WASHINGTON — On Thursday morning, we told you that the December 12 Alabama Senate race was something you should put on your calendar, especially after Democrats’ big wins earlier in the week. But we had no idea what was going to happen just hours later: The Washington Post reported that a woman said Republican nominee Roy Moore initiated a sexual encounter with her when she was 14 and he was 32.

The news could fundamentally transform the political situation in Washington. If Moore loses next month — and we stress the word “if” — then the GOP’s Senate majority goes from 52-48 to 51-49.

Why is that important? For one thing, it makes it much more realistic for Democrats to capture control of the U.S. Senate in 2018. Democrats would need to win Arizona and Nevada (two races where they have at least a 50-50 shot of victory) and hold on to all of their vulnerable seats. That’s a tall order, of course, but it’s much easier than having to put a Texas or Tennessee on the map to win Senate control. Bottom line: If there’s a wave in 2018, Democrats will have an easier shot of having to flip two Senate seats instead of three to win back the Senate.

In addition, a 51-49 GOP majority in the Senate could imperil the Republican tax plan. Senate Republicans are already having to walk a fine line in placating Sens. Rand Paul (who opposes the tax increases in the GOP plan), Bob Corker (who’s worried about increasing the deficit) and Susan Collins (who is against some of the tax cuts for the wealthy). A 52-48 majority means Senate Republicans can afford to lose two GOP votes, assuming all Democrats oppose the legislation. But with a 51-49 majority, Republicans can lose only one GOP senator.

Now you might say that there’s no way (or little way) that a Republican could lose in Alabama, a state Trump won by a whopping 28 points in 2016. But consider:

  • Before yesterday, Moore’s lead was just in the high single digits or low double digits, according to the polls.

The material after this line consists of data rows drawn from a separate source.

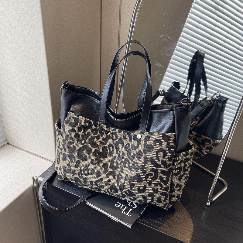 Сумка через плечо большой вместимости женская 2024 осень-зима новая трендовая корейская версия модная универсальная сумка с леопардовым принтом на одно плечо портативная сумка-тоут
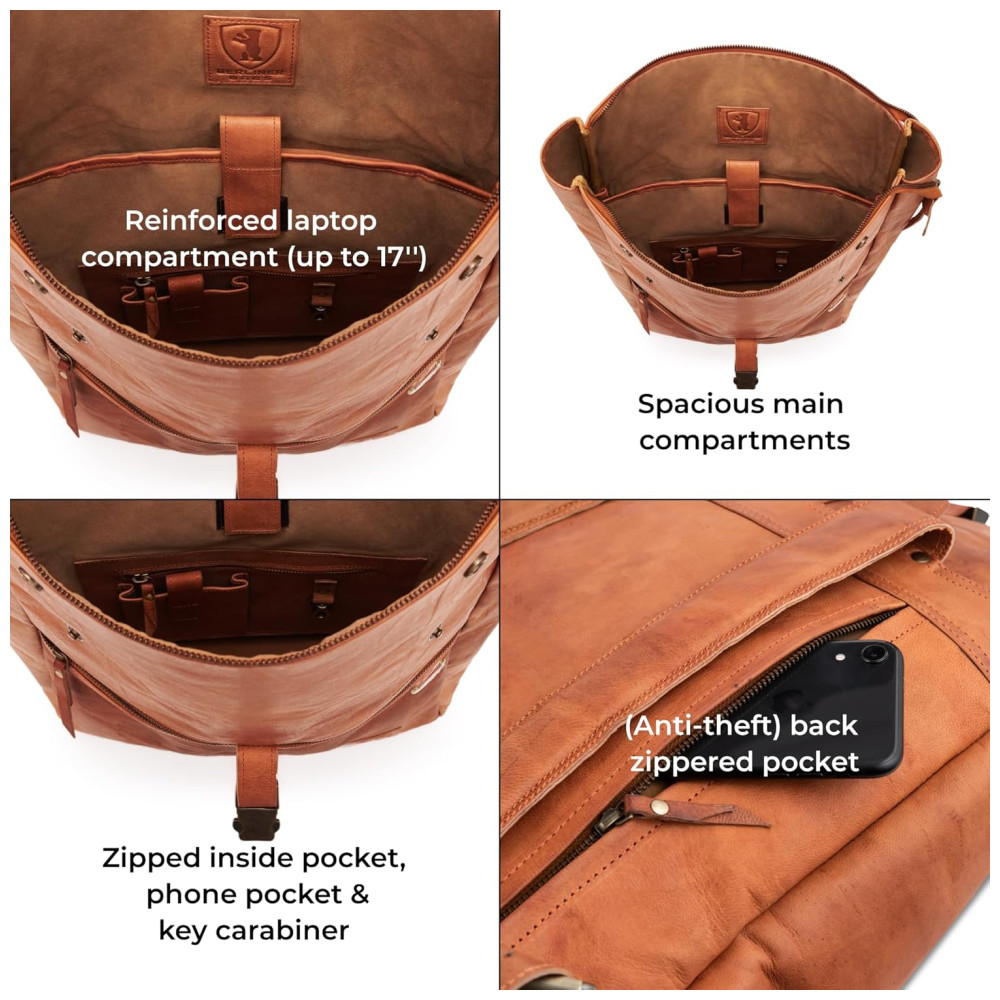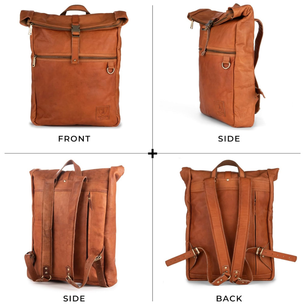 FEITO PARA DURAR. A mochila casual Utrecht é feita de couro 100 e forrada com algodão macio. O fechamento rolltop permite um volume de zenamento ajustável. As fivelas de metal de estilo vintage e zíperes de metal YKK de alta qualidade adicionam charme e durabilidade à nossa popular bolsa de ciclismo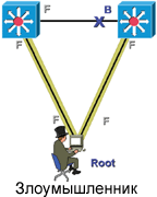 Тот, кто способен подключиться к устройству с (более) низким идентификатором моста — неважно, каким способом он это делает: путем подключения устройства с низким приоритетом или при помощи инструмента для генерации пакетов STP, — при определенных обстоятельствах может частично или целиком перевести на себя трафик всей виртуальной сети. Если через небольшие промежутки времени он будет менять приоритет, устанавливая его выше или ниже, то вследствие постоянного вычисления дерева связность снова нарушится, что будет равносильно атаке на «отказ в обслуживании» (Denial of Service, DoS).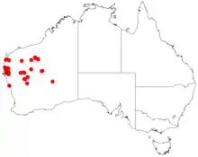 It is native to an area in the Mid West, Gascoyne, Pilbara and Goldfields-Esperance regions of Western Australia where it is commonly situated on alluvial flats growing in sandy of loamy soils often over or around limestone.[2] The bulk of the population is found in the Gascoyne and in the upper catchment of the Murchison River with the range extending from Shark Bay in the west to around Mileura Station in the east. Other disjunct populations are found in the Pilbara from around Roy Hill Station and Ethel Creek Station. In the west the tree is usually a part of low chenopodiaceous shrubland communities but is eastern areas it more often part of scrublands featuring other species of Acacia including Acacia paraneura, Acacia xiphophylla and Acacia pruinocarpa or on flat spinifex plains.[1]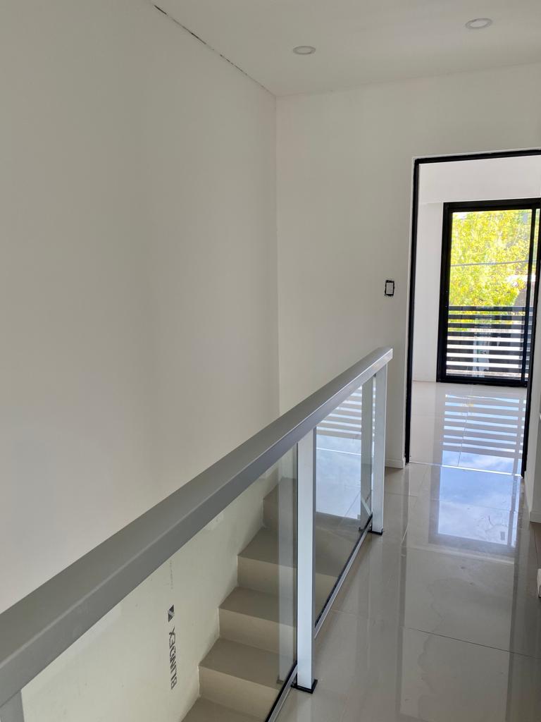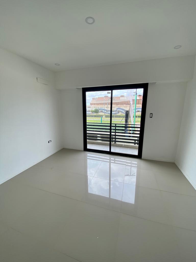Dormitorio en frente con puertas balcón y baranda, el dormitorio trasero cuenta con un balcón de 80cm2.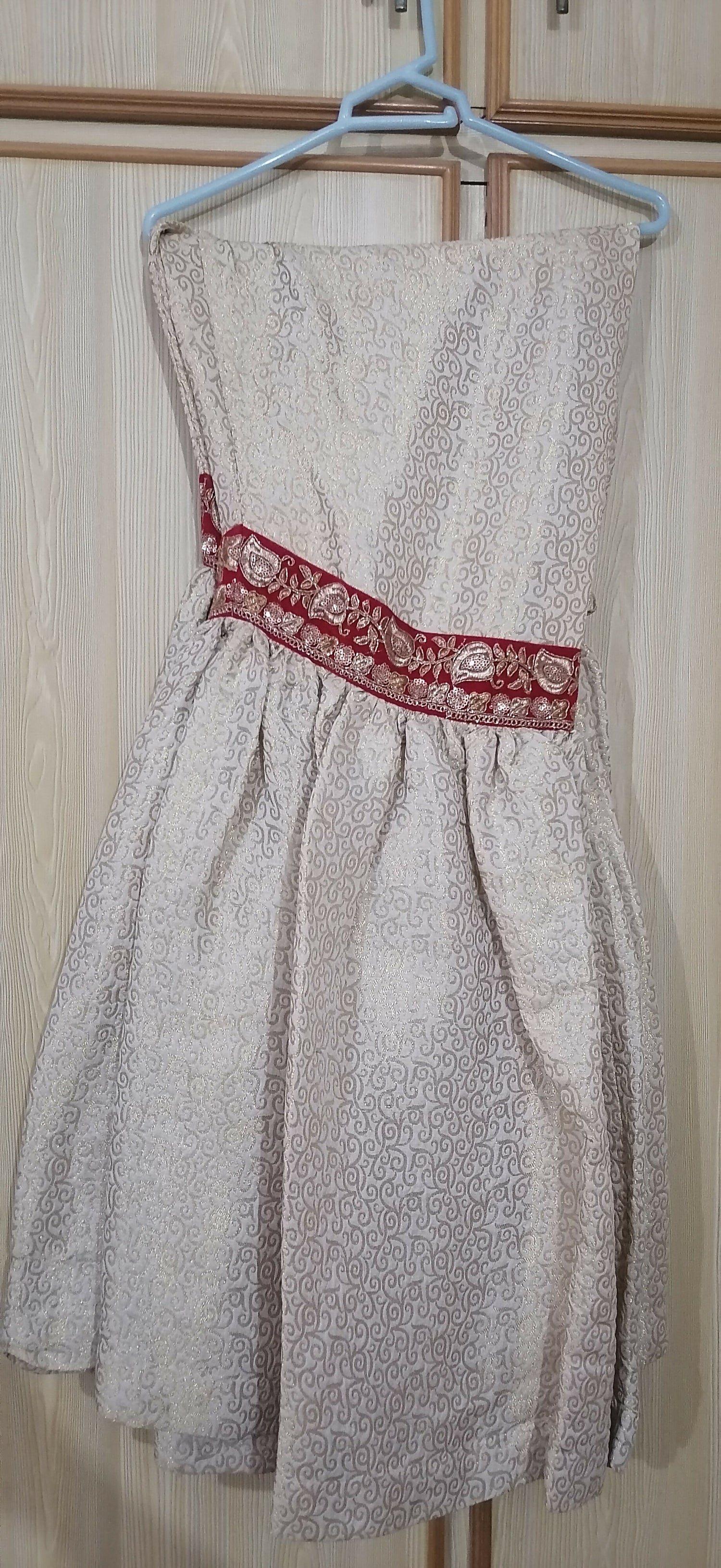 | MATERIAL & MEASUREMENT | Net shirt Jamawar gharara Gharara length: 44 Waist: 32 (elastic stretch 44) Shirt length: 38 Shoulder: 14.5 Sleeves length: 25 Fitting: 20 Chest: 20.5 |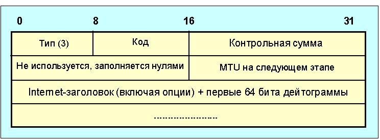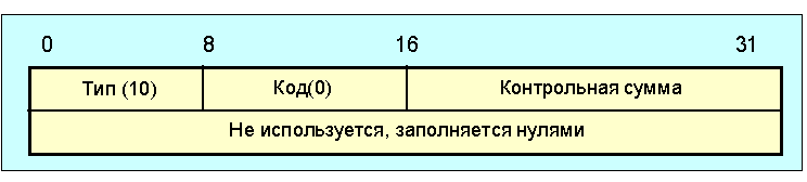 Рис. 4.4.4.3. Формат ICMP-сообщения "адресат не достижим" Поле код содержит целое число, проясняющее положение дел. Перечень кодов таких сообщений помещена в таблице 4.4.4.1. Поле MTU на следующем этапе характеризует максимальную длину пакетов на очередном шаге пересылки. Так как в сообщении содержится Интернет-заголовок и первые 64-бита дейтограммы, легко понять, какой адрес оказался недостижим. Этот тип ICMP-сообщения посылается и в случае, когда дейтограмма имеет флаг DF=1 ("не фрагментировать"), а фрагментация необходима. В поле код в этом случае будет записано число 4. Если буфер приема сообщения переполнен, ЭВМ посылает сообщение типа 4 для каждого из не записанных в буфер сообщений. Так как собственные часы различных ЭВМ имеют свое представление о времени, протокол ICMP, среди прочего, служит для синхронизации работы различных узлов, если это требуется (запросы временных меток). Протокол синхронизации NTP (network time protocol) описан в RFC-1119. Когда дейтограммы поступают слишком часто и принимающая сторона не справляется с этим потоком, отправителю может быть послано сообщение с требованием резко сократить информационный поток (quench-запрос), снижение потока должно продолжаться до тех пор, пока не прекратятся quench-запросы. Такое сообщение имеет формат: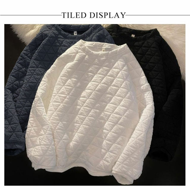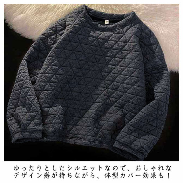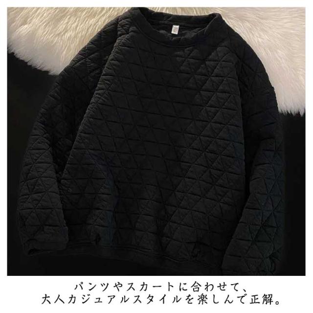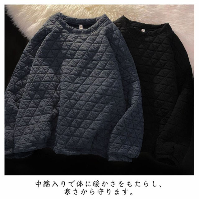 パーカー プルオーバー キルティング レディース トップス カットソー トレーナー 中綿入り 長袖 丸首 クルーネック シンプル 大きいサイズ ゆったり 秋冬 防寒 保温 カジュアル お洒落 体型カバー 通学 通勤 送料無料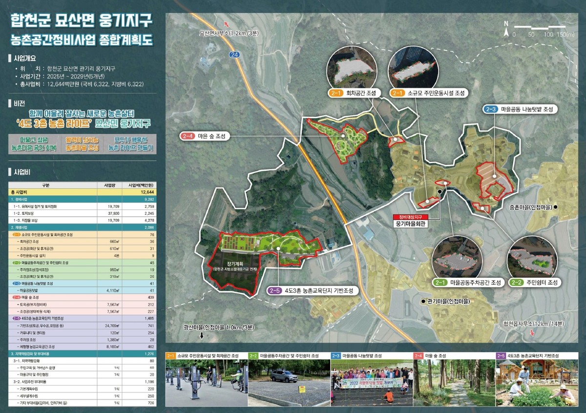 또한 농촌공간정비사업에서는 가야·가회·야로·묘산면 등 4개 지구가 선정돼 544억원의 예산을 확보했다. 이 사업은 축사, 공장, 빈집 등 위해시설을 정비하고 정주환경을 획기적으로 개선하는 사업이다.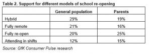 In addition, while all US respondents were more likely to favor a hybrid (in-person plus online) model of reopening, parents preferred a full return to on-site schooling. (See Table 2.)

That isn’t a bulletproof lead;
  • Moore has been a controversial figure in Alabama for more than a decade;
  • Democratic opponent Doug Jones has owned the TV airwaves for an entire month, with ads like this: “I can work with Republicans better than Roy Moore can work with anyone”;
  • And the race is a one-on-one special election that takes place two weeks before Christmas, so it will be a low-turnout affair. There is no other race on the ballot.

This isn’t to say that it’s a slam dunk that Moore loses after yesterday. But we’re not sure enough people realize how dangerous the political situation is for the GOP.